*What the task requires:*
From the data that follows, set down exactly the lines from the one with "把今日头条上阅读量常常超过几" through the one with "Compaxx portable-grade neck", counting both. Pictures stay out.

*Exercise materials:*
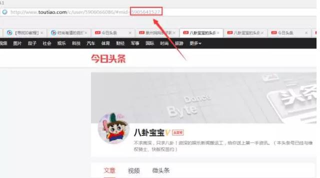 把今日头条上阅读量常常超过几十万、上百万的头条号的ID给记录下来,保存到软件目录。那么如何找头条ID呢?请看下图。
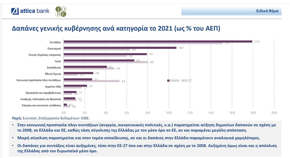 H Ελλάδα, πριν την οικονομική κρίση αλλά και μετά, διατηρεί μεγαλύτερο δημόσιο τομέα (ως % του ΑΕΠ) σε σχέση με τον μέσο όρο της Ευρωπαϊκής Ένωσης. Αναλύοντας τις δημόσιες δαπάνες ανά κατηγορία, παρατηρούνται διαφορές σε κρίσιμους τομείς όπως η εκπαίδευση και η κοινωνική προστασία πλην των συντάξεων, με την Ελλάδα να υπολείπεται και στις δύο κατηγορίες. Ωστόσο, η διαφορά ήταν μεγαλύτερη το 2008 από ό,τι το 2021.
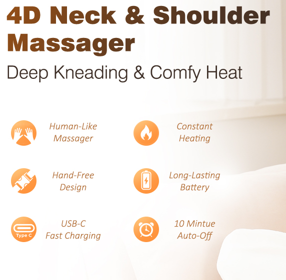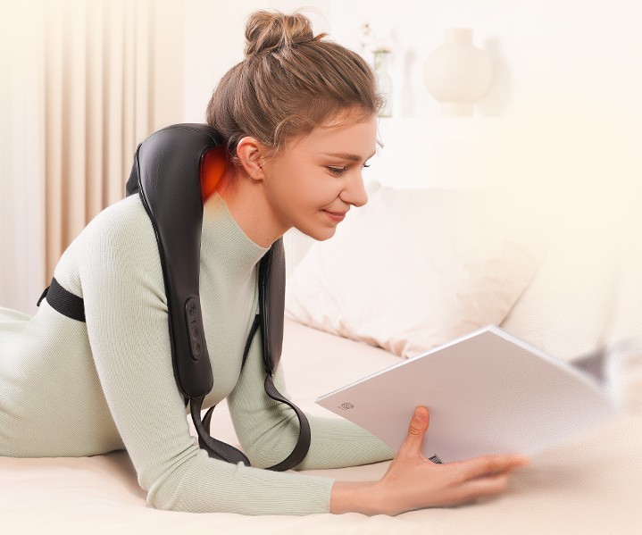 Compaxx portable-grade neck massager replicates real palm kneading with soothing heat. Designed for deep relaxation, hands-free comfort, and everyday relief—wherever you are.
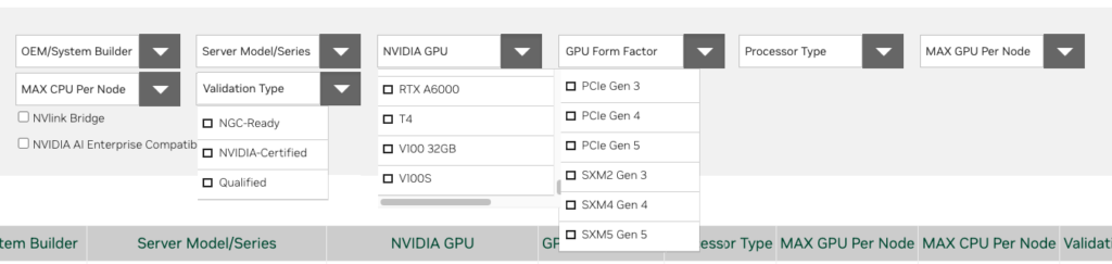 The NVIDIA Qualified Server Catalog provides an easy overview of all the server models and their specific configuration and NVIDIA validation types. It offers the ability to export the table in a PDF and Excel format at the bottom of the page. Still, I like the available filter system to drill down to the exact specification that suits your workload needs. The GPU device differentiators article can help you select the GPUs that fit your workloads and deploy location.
* * *
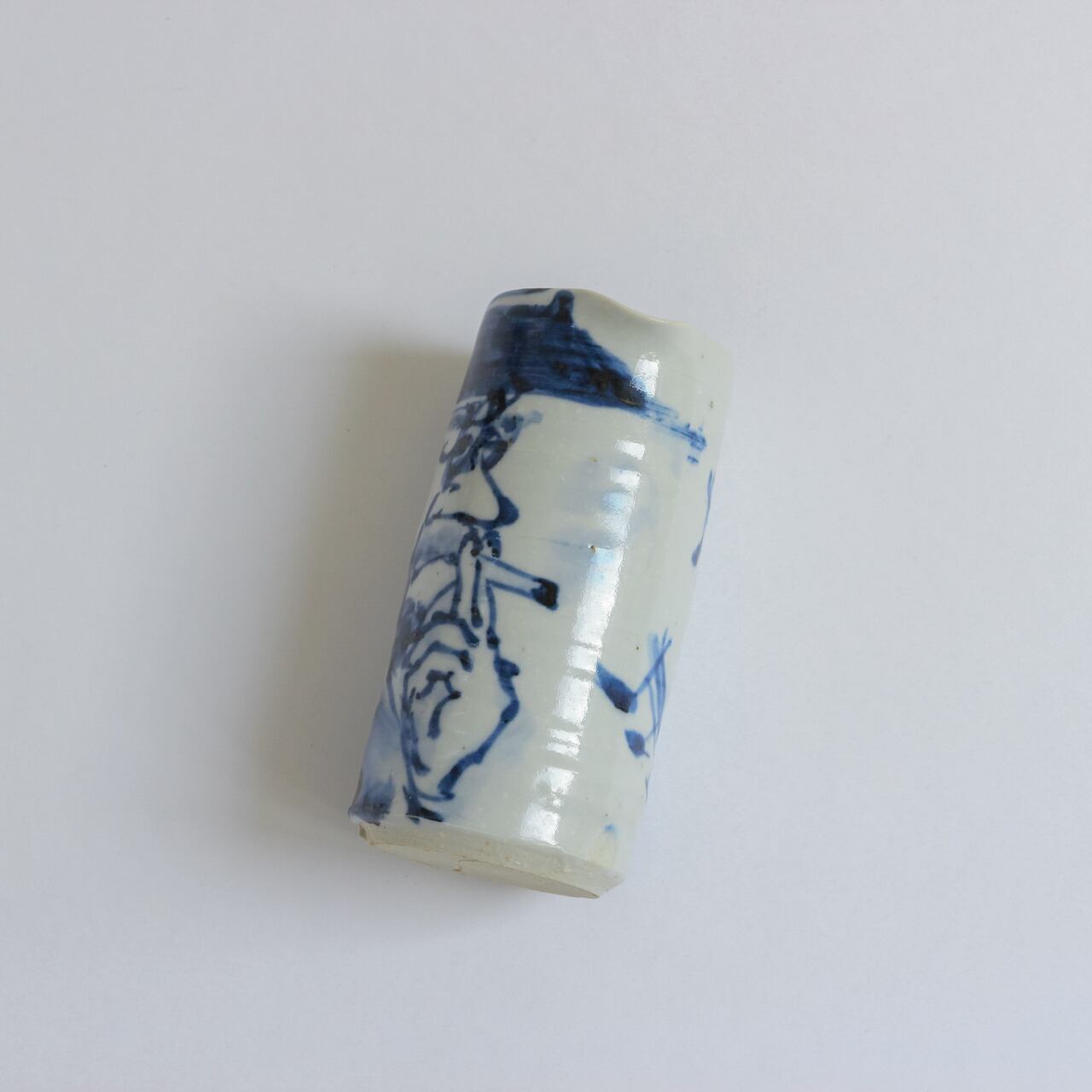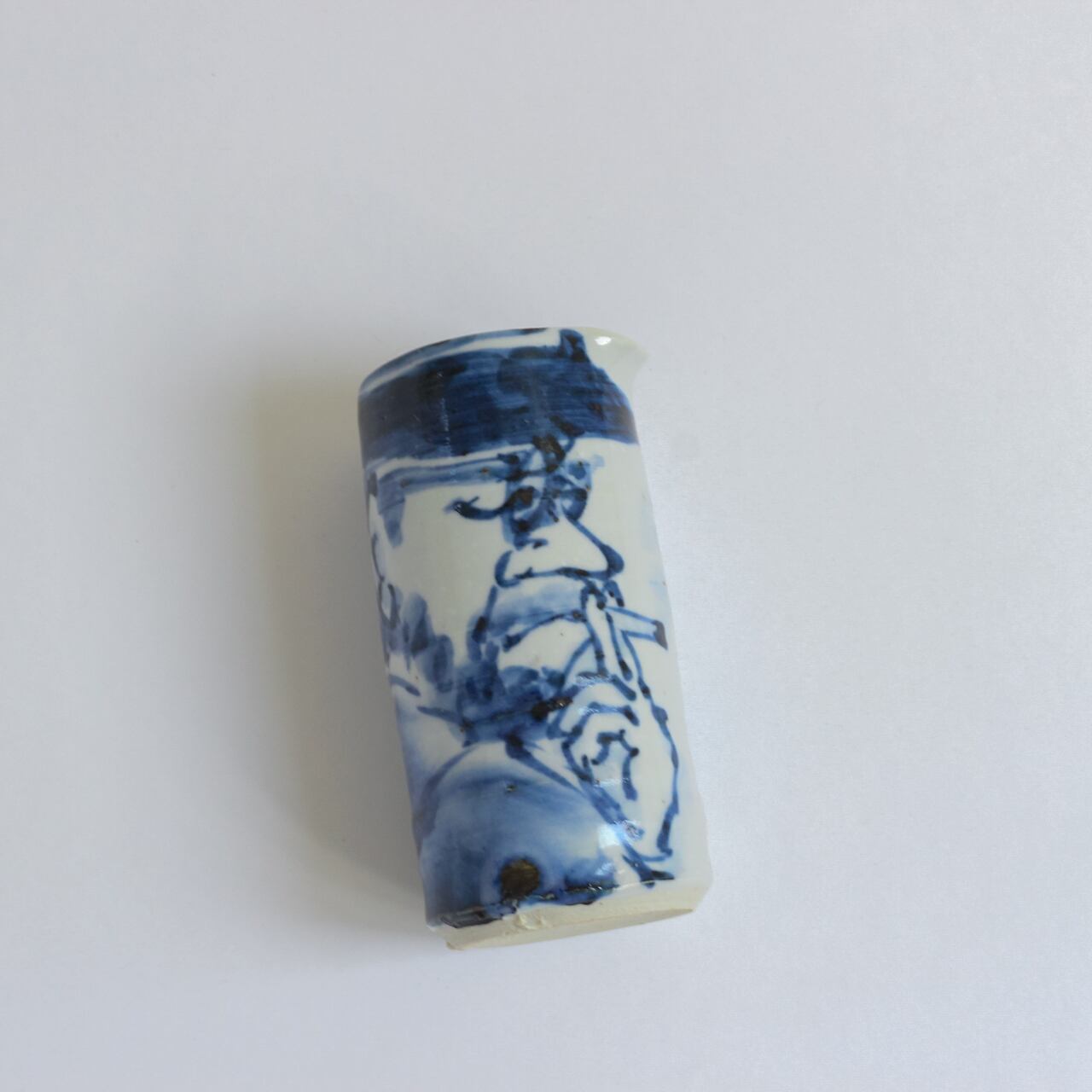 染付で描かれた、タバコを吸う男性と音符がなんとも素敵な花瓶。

*Output:*
 把今日头条上阅读量常常超过几十万、上百万的头条号的ID给记录下来,保存到软件目录。那么如何找头条ID呢?请看下图。
 H Ελλάδα, πριν την οικονομική κρίση αλλά και μετά, διατηρεί μεγαλύτερο δημόσιο τομέα (ως % του ΑΕΠ) σε σχέση με τον μέσο όρο της Ευρωπαϊκής Ένωσης. Αναλύοντας τις δημόσιες δαπάνες ανά κατηγορία, παρατηρούνται διαφορές σε κρίσιμους τομείς όπως η εκπαίδευση και η κοινωνική προστασία πλην των συντάξεων, με την Ελλάδα να υπολείπεται και στις δύο κατηγορίες. Ωστόσο, η διαφορά ήταν μεγαλύτερη το 2008 από ό,τι το 2021.
 Compaxx portable-grade neck massager replicates real palm kneading with soothing heat. Designed for deep relaxation, hands-free comfort, and everyday relief—wherever you are.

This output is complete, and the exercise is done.